The power dissipated in the high-side MOSFET is given by:

$$ P_{Q1} = I_{rms\_Q1}^{2} \times R_{DSON1} $$

(14.21)

where R _DSON1 is the on-time drain-to-source resistance of the high-side MOSFET.

$$ P_{Q1} = \frac{{V_{o} }}{{V_{IN} }}\left( {I_{o}^{2} + \frac{{\varDelta I^{2} }}{12}} \right)R_{DSON1} $$

(14.22)

The power dissipated in the low-side MOSFET is given by:

$$ P_{Q2} = I_{rms\_Q2}^{2} \times R_{DSON2} $$

(14.23)

where R _DSON2 is the on-time drain-to-source resistance of the low-side MOSFET.
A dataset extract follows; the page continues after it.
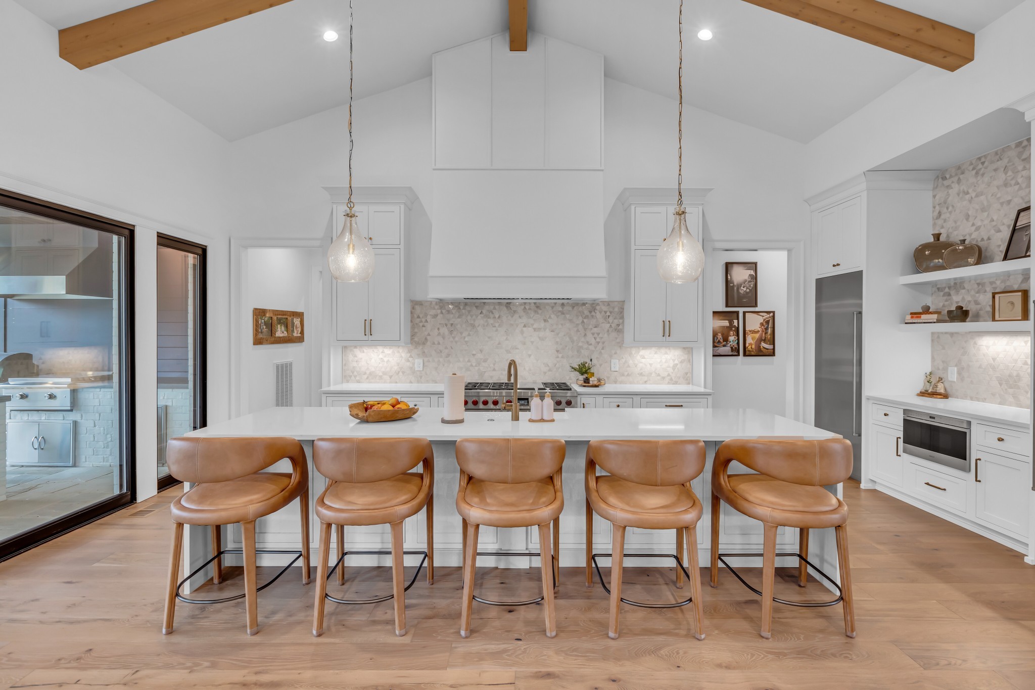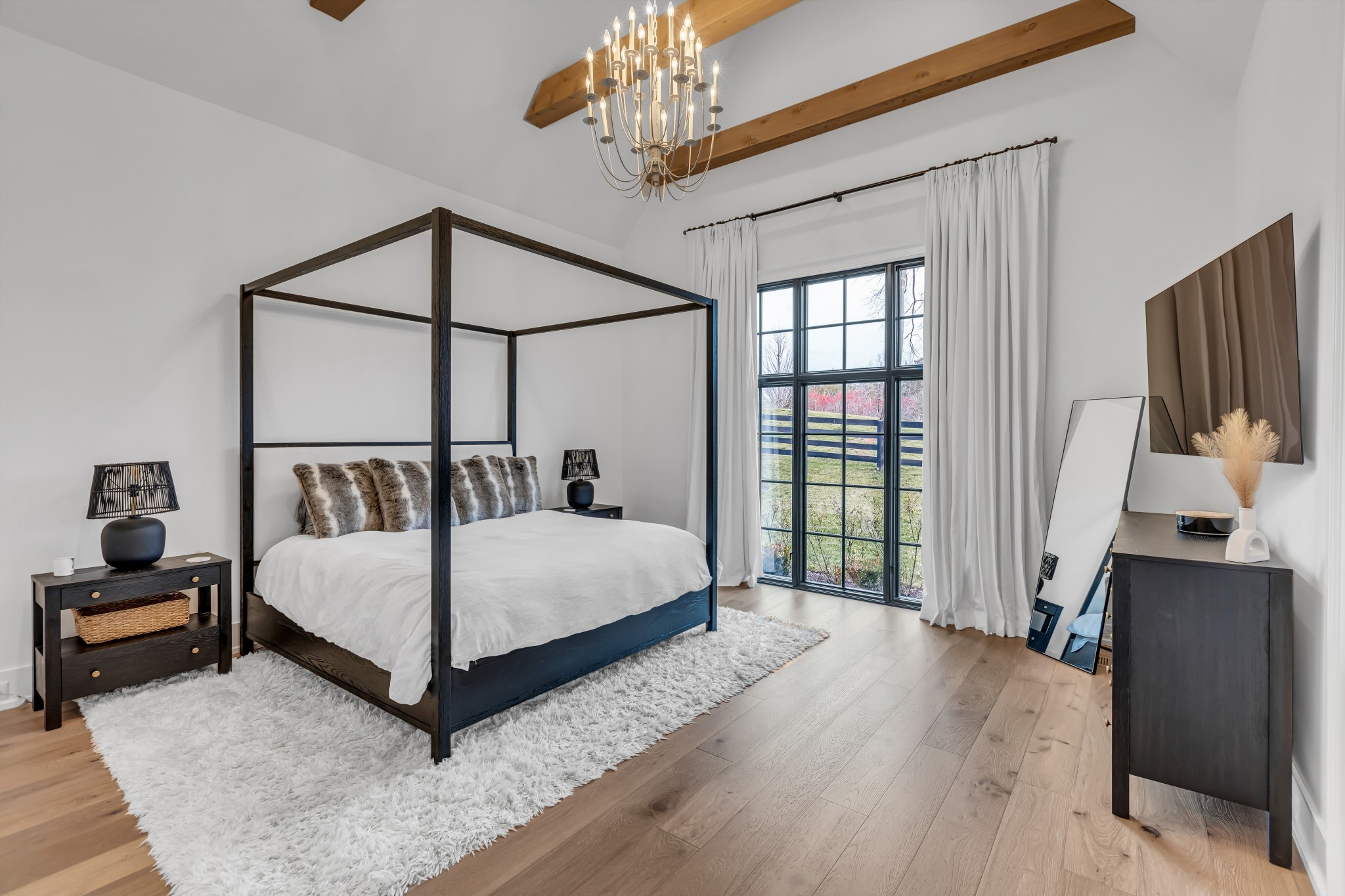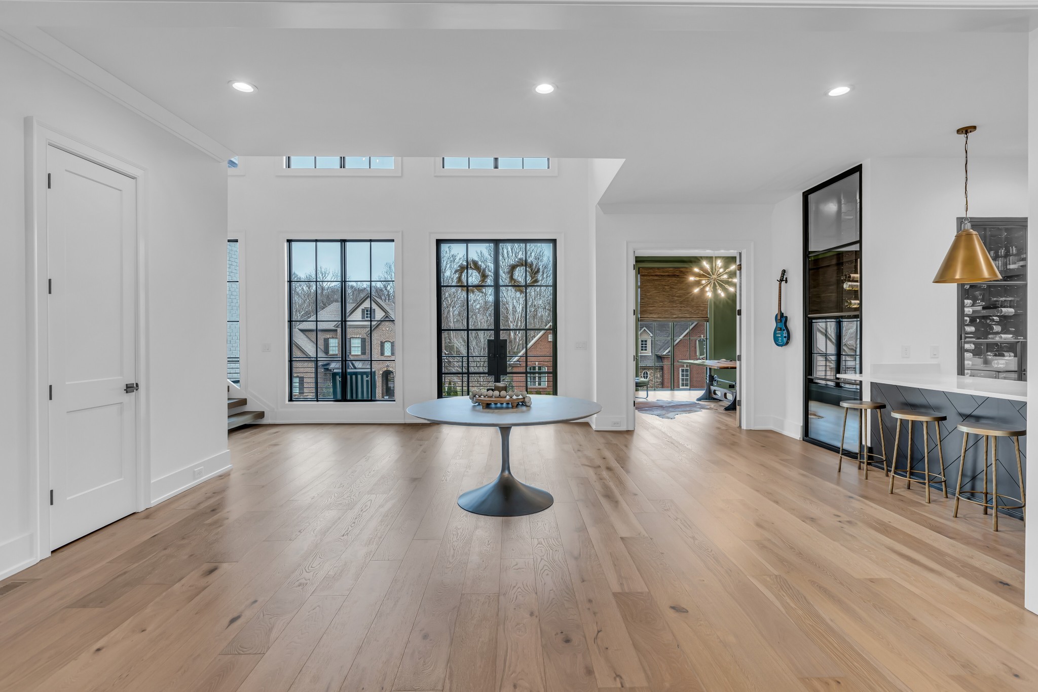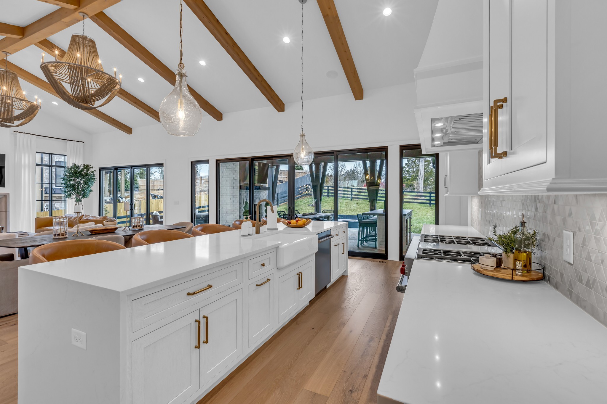 Welcome to this stunning custom-built residence in the prestigious Troubadour Golf & Field Club, crafted by Tennessee Valley Homes in 2022. Spanning 5,929 square feet on a 0.45-acre lot, this architectural masterpiece combines modern elegance with timeless design, offering an unparalleled lifestyle in one of Middle Tennessee’s most sought-after communities. This home features five spacious bedrooms, five full bathrooms, and two half baths, providing ample space for family and guests. Step inside to discover an open-concept floor plan flooded with natural light and adorned with wide-plank hardwood floors. The soaring ceilings and exposed beams create a sense of grandeur, while sleek, modern finishes provide a warm and inviting atmosphere. The gourmet kitchen boasts top-of-the-line appliances, a large island, and seamless flow into the dining and living areas—perfect for entertaining. A dedicated office space with custom millwork and large windows offers serene views and an ideal work-from-home environment. The luxurious primary suite serves as a private retreat, featuring a spa-like bathroom and generous closet space.

$$ P_{Q2} = \left( {1 - \frac{{V_{o} }}{{V_{IN} }}} \right)\left( {I_{o}^{2} + \frac{{\varDelta I^{2} }}{12}} \right)R_{DSON2} $$

(14.24)

The total power dissipated in both MOSFET’s is given by:

$$ P_{FET} = P_{Q1} + P_{Q2} $$

(14.25)

$$ P_{FET} = \left( {I_{o}^{2} + \frac{{\varDelta I^{2} }}{12}} \right)\left[ {\left( {1 - \frac{{V_{o} }}{{V_{IN} }}} \right)R_{SDON2} + \frac{{V_{o} }}{{V_{IN} }}R_{SDON1} } \right] $$

(14.26)

where

$$ \varDelta I = \frac{{\left( {V_{IN} \times V_{o} - V_{o}^{2} } \right)}}{{L \times f \times V_{IN} }} $$

(14.27)

and:

L = Inductance (H)

f = Frequency (Hz)

V _IN  = Input voltage (V)

V _o  = Output voltage (V)

• MOSFET Conduction Losses

For typical buck power supply designs, the inductor’s ripple current, ΔI, is less than 30 % of the total output current, so the contribution of ΔI ₂/12 to the is negligible and can be dropped to get:

$$ P_{FET} = I_{o}^{2} \left[ {\frac{{V_{o} }}{{V_{IN} }}\left( {R_{SDON1} - R_{SDON2} } \right) + R_{SDON2} } \right] $$

(14.28)

Note that when \( R_{SDON1} = R_{SDON2} \), then:

$$ P_{FET} = I_{o}^{2} \times R_{SDON2} $$

(14.29)

The power dissipated in the MOSFET is independent of the output voltage. By using Eq. (14.29) the conduction losses of MOSFET can be calculated at any output voltage. On the other side, inductor conduction losses and switching losses etc. are independent of output voltage and remains constant with change in output voltage [22].

Hence, P _D now can be computed as:

$$ P_{D} = P_{L} + P_{FET} + other losses $$

(14.30)

There are some other types of losses such as the MOSFET switching losses, quiescent current etc. At any output voltage, the overall efficiency can be calculated by the known total power supply losses and power supply output power.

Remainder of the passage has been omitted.